Die Mantua-Fahrt und das Gedenken an Andreas Hofer
Die Mantua-Fahrt und das Gedenken an Andreas Hofer
Ein besonderer Höhepunkt meiner Nähe zum Passeirer Landsmann Andreas Hofer war die erste Mantua-Fahrt im Jahr 1969 mit dem Besuch des damals noch sehr schlichten Gedenksteins. Als Mitglied des Chores der Lehrerbildungsanstalt (LBA), deren Maturaklasse ich damals besuchte, bekam ich von unserem weitum geschätzten Musiklehrer Prof. Peter Hölzl die Möglichkeit, bei der Gedenkfeier in Mantua die beiden bekannten Lieder „Ach Himm’l es ist verspielt“ und „Zu Mantua in Banden“ zu singen. Der Heimatpflege-Verein Meran hatte Busse für seine Mitglieder, einige Gäste aus Nordtirol und uns Sänger der LBA organisiert. Der rührige Leiter Paul Brugger erklärte während der Fahrt und der Kurzaufenthalte in Trient und der Stadt Mantua die wechselvolle Geschichte und Bedeutung berühmter Bauten dieser Gebiete. Wir hatten sogar die Möglichkeit, den Trienter Dom und das beeindruckende Schloss der Gonzaga in Mantua zu besichtigen. Dies erweiterte mein Wissen und meine Erkenntnisse betreffend die Geschichte der früher zu Österreich gehörenden Gebiete Oberitaliens und die des Tiroler Freiheitskampfes im Besonderen.

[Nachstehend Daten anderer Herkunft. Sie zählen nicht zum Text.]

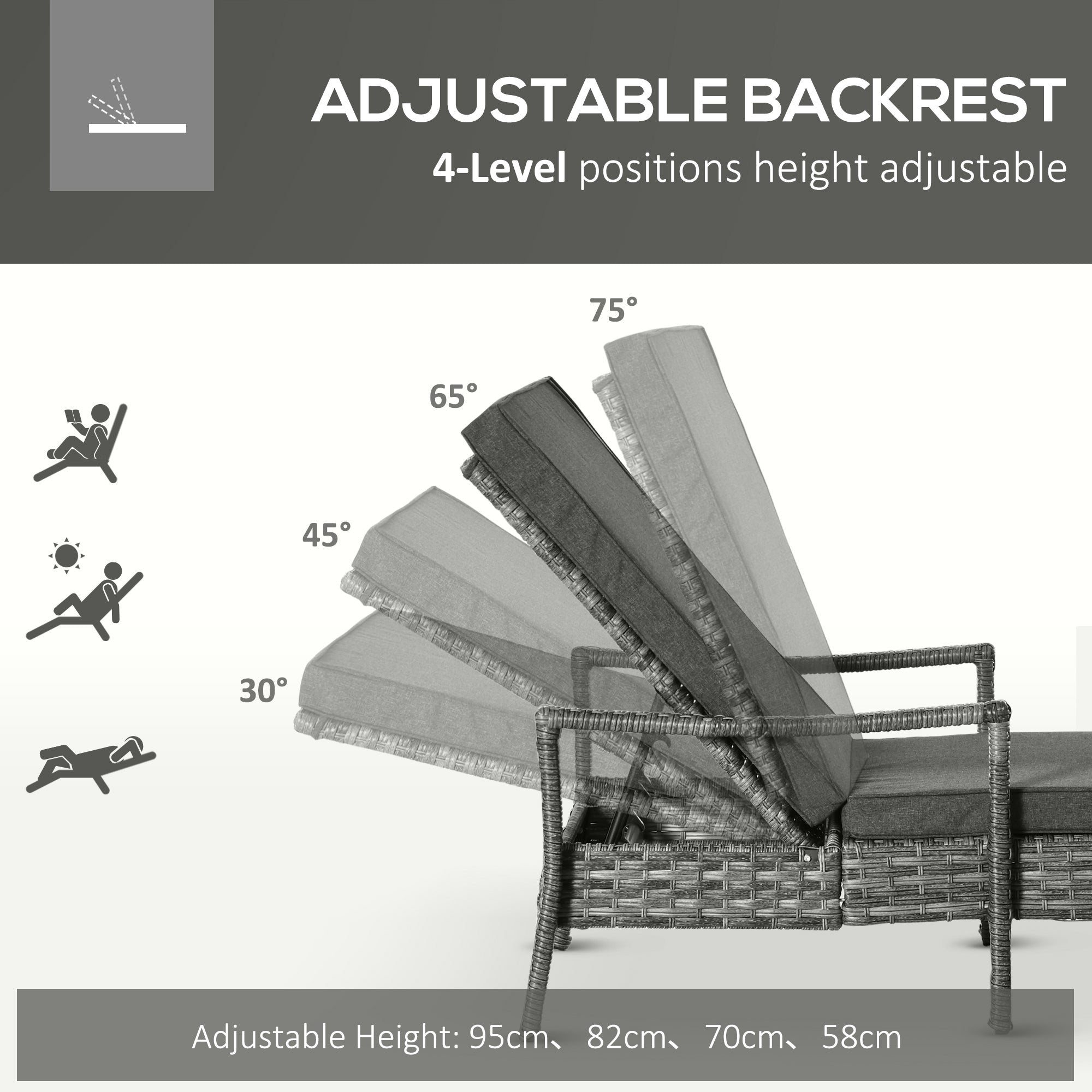 Choose this garden loungers from for the perfect sunbathing partner in the comfort of your own garden. Using galvanised metal for a stable and robust structure, the frame is wrapped in PE wicker rattan, ensuring durability outdoors with little maintenance. The four-position adjustable back allows you to set it to a level which is best for you, whilst a longline padded seat provides all the comfort you need, with 2 pieces lounges allowing you to relax with a friend whenever.

Den Höhepunkt dieser Mantua-Fahrt bildete aber die schlichte Feier vor der Grabstelle Andreas Hofers. Wir waren sehr beeindruckt, aber auch stolz, bei dieser Gelegenheit mit unseren Stimmen zum Gelingen des würdigen Gedenkens beitragen zu dürfen. In kurzen Ansprachen wurden die Bemühungen der Stadt Mantua, Andreas Hofers Leben zu retten, hervorgehoben und die Umstände seiner „Umbettung“ in die Innsbrucker Hofkirche nachgezeichnet.
In unserer Familie und Talschaft blieb und bleibt das Gedenken an Andreas Hofer wach, und ich habe, so wie auch meine Geschwister, in den letzten Jahrzehnten wohl kaum eine der Feierlichkeiten anlässlich seines Todestages am 20. Februar ausgelassen.
Und jede Fahrt in meine „Pseirer“ Heimat führt mich direkt an seinem Geburtshaus vorbei …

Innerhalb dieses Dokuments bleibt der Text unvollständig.